Thursday, March 23, 2006

The Love of God is greater far then tongue or pen could ever tell

The other day I was neatening up the Living Room and all of a sudden felt an enormous weight of something like despair. I felt like the only thing to do was just collapse on the floor and sit and do nothing, think of nothing, feel nothing. I immediately thought of something I had heard John Piper say regarding"periodically imobilizing discouragement"that there are times when walking from the car to the house you just want to sit down in the grass before you get there and say "nothing matters" and you just stare... there are times when emotions are so utterly incomprihensible that you don't know why you're crying. I remembered him saying "distrust this... I shall yet again praise Him." (from John Piper's biographical sermon on William Cowper - during the Q&A session so is not in the manuscript)
About the depression of Charles Spurgeon John Piper quoted him as saying "Causeless depression cannot be reasoned with, nor can David's harp charm it away by sweet discoursings. As well fight with the mist as with this shapeless, undefinable, yet all-beclouding hopelessness ... The iron bolt which so mysteriously fastens the door of hope and holds our spirits in gloomy prison, needs a heavenly hand to push it back." (you can, you ought to, buy the MP3 of this sermon here) Realizing that I could not fight this I picked myself up from the floor (literally) thinking "this too shall pass" and almost immediately heard the words from the hymn "Come Ye Sinner" from the CD I was playing in the kitchen, (there are two different sets of lyrics one is here the other here) and was immediately encouraged by this thought: it is the weak, the wounded, the weary, the "heavy laden" whom Jesus is calling. It is just when I feel so weak and weary that I am the most likely candidate of being readily accepted by Jesus and freely receiving His love!
So often, in the Reformed community especially I think, the topic of depression is neglected. The general impression I recieved growing up is that the cure for depression is sound Theology and expository preaching. That there is no such thing as chemical imbalance or tempermental tendancies to descouragement, nor anything of that nature. I thought as a young person (okay, okay, younger person!) that the Bible could cure depression of every shape and size and that the only lack was in our application of it. I don't believe that that is true at all. Surely a solid Biblical foundation is helpful and a stout doctrine of God buttrices our faith, but the only true healer of depression, discouragement and despiar is the Holy Spirit Himself. But anyway...
Today as I was singing a spontaneous song to Katie-Abigail I realized something that seemed quite profound at the moment. How I minimize my walk with God into a check-list of things I ought (or ought not) to do, but that is the way a disillusioned, distant wife or child relates to husband or father when the relationship itself has died, there is a shell, a facade of a relationship - she cooks his meals, she obeys his commands, there is an entire list of what she does and does not do, she fulfills her obligation to him and no more. This is not, I think, what God has at all in mind for us, he desires our all, he desires to be loved above all other things that compete for our affrction and for us to receive His love.

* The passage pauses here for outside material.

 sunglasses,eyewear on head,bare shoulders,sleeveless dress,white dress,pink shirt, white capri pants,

An example of this is my relationship with Daniel He wants to be loved and also for me to fulfill my obligations to him, yet he would prefer love over obligations, however he sees the fulfillment of obligations as the consummation of love, even folding his socks and keeping up with the housework. I've learned to not do those things out of fear, but from a motive of pleasing Daniel and demonstrating my love for him and a desire for his pleasure. And when those things are left undone I do not relate to Daniel in fear, his love for me is constant and is not conditional upon, or even hardly relative to, my performance.

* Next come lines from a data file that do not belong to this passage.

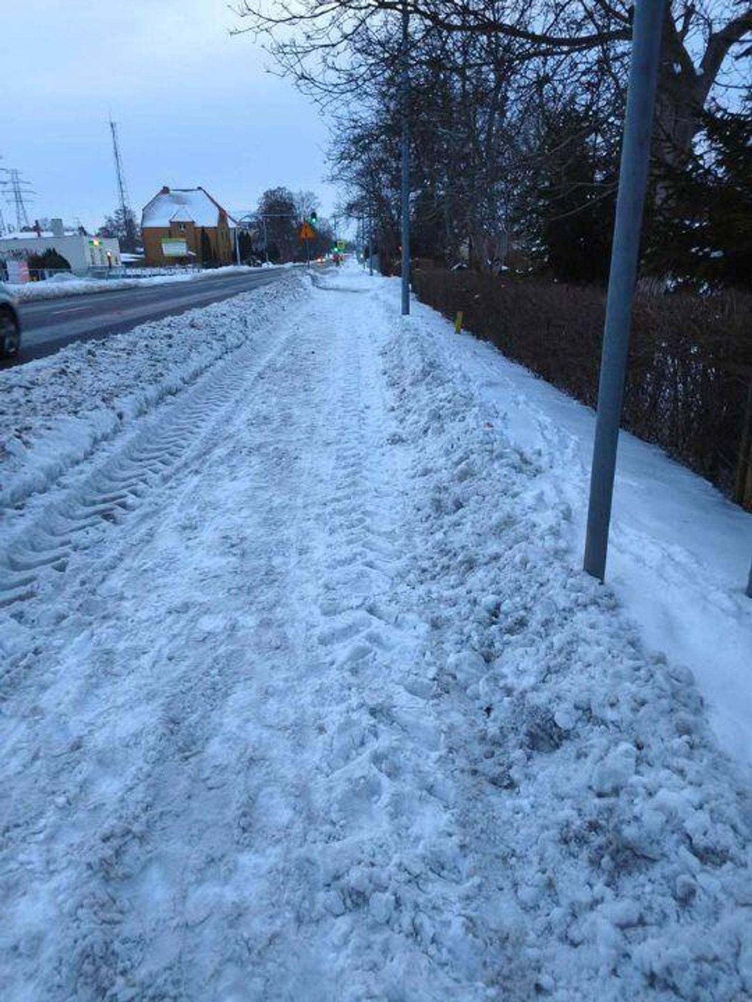 "Od samego początku jak zaczął padać śnieg, to droga i chodnik zostały całkowicie zapomniane o odśnieżaniu. Jak udostępniono S6 do ruchu, to nasza droga "stara 6" i chodnik jakby przestał istnieć na mapie Sławna. Tym chodnikiem idą ludzie do pracy czy po zakupy i dzieci do szkół, a matka z wózkiem już nie ma szansy tędy przejść.
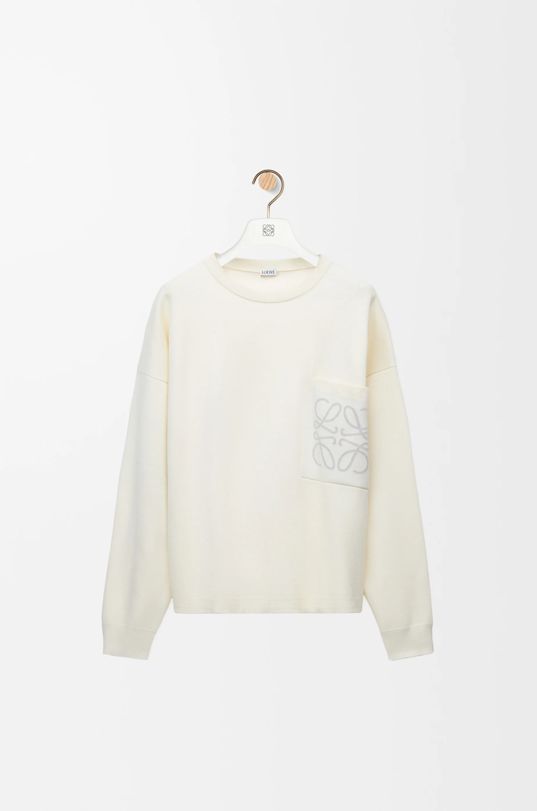 Sweater in medium-weight compact cotton blend featuring an Anagram intarsia chest pocket. - Relaxed fit, regular length - Round neck - Dropped shoulders - Ribbed collar and cuffs Details - Colour : White/Light Grey - Main material : Cotton - Weight : 0.4 kg - Model ID : H526Y14KDK - Made in : Italy
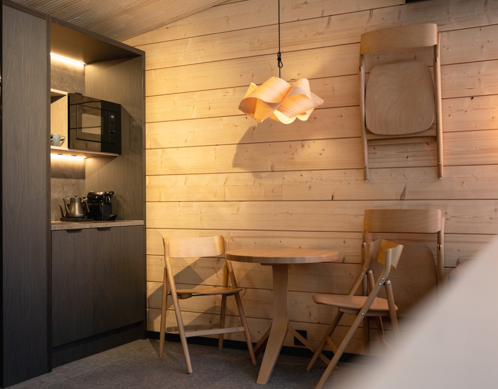 Mökin tiloihin kuuluu oleskelutila, perusvarusteltu keittiö, sauna suihkulla, erillinen wc sekä vaatteiden kuivauskaappi, joka on käytännöllinen erityisesti talvikaudella.
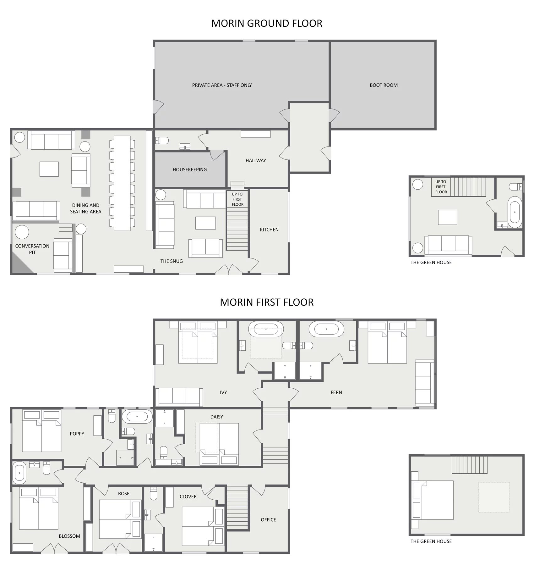 Au premier étage, nous disposons de 4 chambres doubles avec salle de bain ensuite, deux chambres d'enfant avec une grande salle de bain comprenant une baignoire et une douche séparée, une chambre double avec une salle de bain.

I've heard for years and years that God does not receive us according to our performance, but as I stood in the worship hour last Sunday I had a rubber-meets-the-road moment. Would I, after a week of prayerlessness and faithlessness, dare to approach the Throne of Grace and climb into my Heavenly Daddy's lap, or would I keep myself at a distance, going through the motions, saying in my heart "I'll do better this coming week and try to approach God in worship next Sunday." What a lie! But this leads me to another question - Do I accept others according to their performance?

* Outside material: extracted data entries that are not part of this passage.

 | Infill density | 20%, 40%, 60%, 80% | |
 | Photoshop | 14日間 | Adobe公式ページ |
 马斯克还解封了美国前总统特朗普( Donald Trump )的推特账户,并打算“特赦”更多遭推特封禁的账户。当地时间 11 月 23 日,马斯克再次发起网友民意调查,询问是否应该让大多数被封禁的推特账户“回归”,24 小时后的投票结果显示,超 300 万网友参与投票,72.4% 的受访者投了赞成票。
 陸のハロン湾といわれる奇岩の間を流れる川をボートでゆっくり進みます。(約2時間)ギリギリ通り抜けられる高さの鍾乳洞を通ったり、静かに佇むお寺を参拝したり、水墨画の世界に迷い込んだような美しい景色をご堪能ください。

Daniel read a quote to me from "The Singing God "by Sam Storms which went something like -God choose us because he loves to choose people to love. Well, I am quite sure that if it weren't for God's choice of me I would have not chosen Him, or even if I had I would have quite fallen away many times since then. Even this week as I have been dull, distracted and discouraged I could have fallen away, except for the "love that will not let me go" and I am inexpressibly thankful!
When people get to know me I hope that they will not first see in me how much Theology I have learned, or how much in the Bible I have discovered - not to minimize Theology or Bible Study, in their proper place - but I would rather that people see in me a woman who intimately knows God Himself, and is intimately known by Him, who passionately loves Him and receives His passionate love for me!
I can tell, though, that I have made very little progress in applying this thought, because the distinction is still so blurry in my mind between knowing God and knowing about God. But if there is one thing I've learned it is this - we are creatures who change quite slowly, bit by bit, over a good deal of time, so I will not be discouraged, I will only press in closer to the Heart of God and ask all the more earnestly to be given the mind of Christ.